Principal Component Analysis (PCA)

PCA is a dimensionality reduction algorithm. It creates new features called principal components that keep as much information as possible from the original dataset. The main idea is:

find directions where the data varies the most
rank those directions
keep only the most important ones

If the original data has $d$ features, PCA can produce up to $d$ principal components.

Why PCA is Needed

High-dimensional data causes problems such as:

harder visualization
more computation
more difficult learning
curse of dimensionality

PCA solves this by projecting the data onto fewer dimensions while preserving maximum variance.

Core Idea

Suppose the data matrix is: $X \in R^{n \times d}$ where:

$n$ = number of samples
$d$ = number of features

PCA finds a new set of orthogonal directions: $u_{1}, u_{2}, \dots, u_{d}$ such that:

$u_{1}$ captures the maximum variance
$u_{2}$ captures the next maximum variance
and so on

These directions are the eigenvectors of the covariance matrix. Their importance is given by the eigenvalues.

Main Equations

1. Standardization

Each feature is standardized using Z-score: $x^{'} = \frac{x - μ}{σ}$

2. Covariance matrix

For centered data: $C = \frac{1}{n} X^{T} X$

3. Eigen decomposition

$C u = λ u$ where:

$u$ = eigenvector
$λ$ = eigenvalue

4. Projection

If $W_{k}$ contains the top $k$ principal components, then: $X_{proj} = X W_{k}$

Each principal component is a direction in feature space. If data spreads a lot along a direction, that direction contains a lot of information. So PCA keeps the directions with the largest variance.

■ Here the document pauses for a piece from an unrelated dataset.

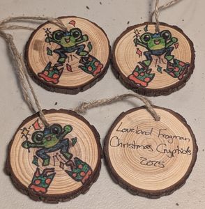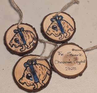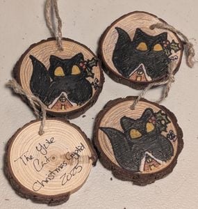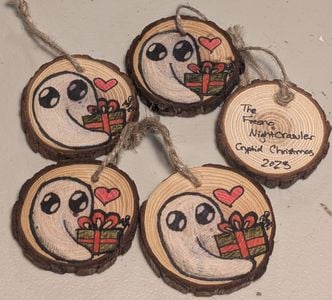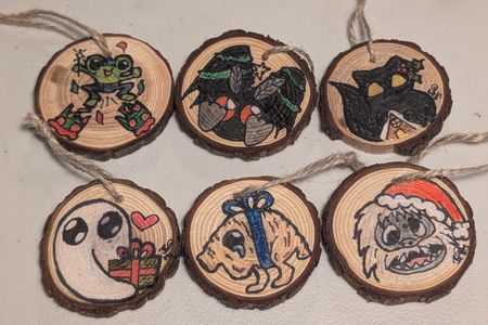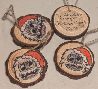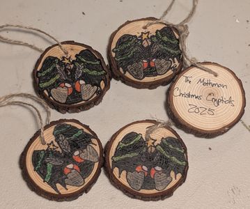 Hand drawn wooden ornaments featuring different cryptids in Christmas themes. Have fun trying to find them after the season!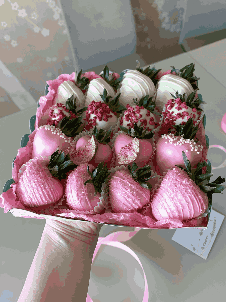 - клубника в шоколаде 16 шт., декорированная сублимированным инжиром, малиной, декоративным сахаром

That is why PCA chooses eigenvectors with the largest eigenvalues.

Short and Clean Code

import numpy as np
from sklearn.datasets import load_iris
from sklearn.decomposition import PCA as SklearnPCA

class PCAFromScratch:
    def __init__(self, n_components):
        self.n_components = n_components
        self.mean_ = None
        self.std_ = None
        self.components_ = None
        self.eigenvalues_ = None
        self.explained_variance_ratio_ = None

    def fit(self, X):
        X = np.asarray(X, dtype=float)

        self.mean_ = X.mean(axis=0)
        self.std_ = X.std(axis=0)
        Xs = (X - self.mean_) / self.std_

        C = (Xs.T @ Xs) / len(Xs)
        eigenvalues, eigenvectors = np.linalg.eigh(C)

        order = np.argsort(eigenvalues)[::-1]
        eigenvalues = eigenvalues[order]
        eigenvectors = eigenvectors[:, order]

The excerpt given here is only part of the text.